Chris Schwarz's Blog

Leg Vise: Farewell to the Parallel Guide?

Reader Jon Pile writes about the parallel guide bar in a leg vise:The parallel guide bar is, in my humble opinion, a cruel joke perpretrated by some historical prankster. I have been using an angled leg vise for a couple years now, and removing the guide bar was the first modification.

Instead, grab a piece of maple, cut it down to 1″ x 2″ x 3″, and let it dangle on the bench leg with a foot of butcher’s twine. When you open the jaws of the vise, just turn the block so the appropriate side acts as a standoff.

Wider stuff? Find a wider piece of scrap. Skinny stuff? Swing the block out of the way altogether.

Infinitely variable. Simple and bulletproof , and I can reach down and adjust my “parallel guide,” left-handed, without looking at it.

Please, I’m begging, don’t let the swiss-cheese-looking parallel guide insanity continue any further!

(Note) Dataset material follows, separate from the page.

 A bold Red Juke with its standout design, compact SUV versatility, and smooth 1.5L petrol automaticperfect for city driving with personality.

As for thickness (of the leg vise’s jaw), I started with a 2×6 of white oak and found that it still flexed too much! I doubled up on thickness , it’s 3-1/4″ thick now , and finally I’m happy. With this setup, I have applied enough torque to shear off the 3/4″ maple pin that held my bench top to the legs. Also easily repaired and improved.”

I tried the Pile Block (patent applied for) in my leg vise today. I made it exactly as he described and tied it through a holdfast hole in the leg that I use when dovetailing.

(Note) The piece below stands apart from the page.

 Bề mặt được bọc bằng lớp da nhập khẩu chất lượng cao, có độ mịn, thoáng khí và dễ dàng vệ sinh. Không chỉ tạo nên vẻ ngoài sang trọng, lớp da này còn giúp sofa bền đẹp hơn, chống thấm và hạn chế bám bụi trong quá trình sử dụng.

The block works as advertised, which is no surprise. Levers and physics work as advertised. But I’m going to need to develop some muscle memory with the block before I rip out my parallel guide. The nice thing about the parallel guide is that I work in stock that is 5/8″, 3/4″ and 7/8″ thick.

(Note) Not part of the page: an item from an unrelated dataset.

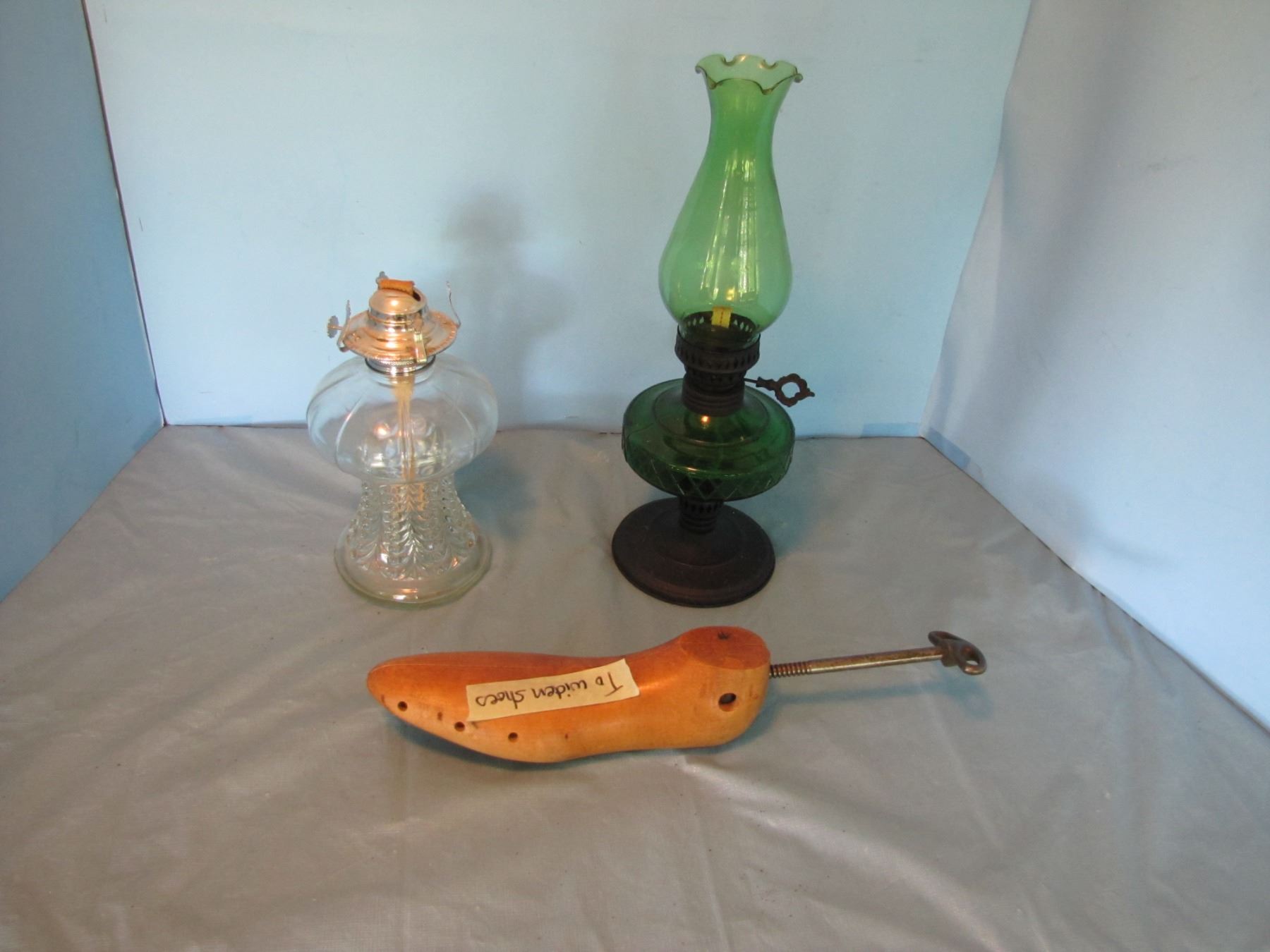 Reproduction coal oil lamps and shoe stretcher

So for the most part, I never move the pin in my parallel guide. It stays in the first hole and can clamp the usual stuff. (By the way, that sweet-spot hole in my guide is Ã?½” from the inside of the vise jaw).

A few other details: I wondered if the block would be handy with an angled leg vise (which is what is on my new English Workbench). With that bench, the parallel guide prevents the jaw from spinning when you crank the vise’s handle. Jon responded to that by saying that his leg vise was angled, and that he merely had the foot of the jaw resting on the floor, which kept it from spinning.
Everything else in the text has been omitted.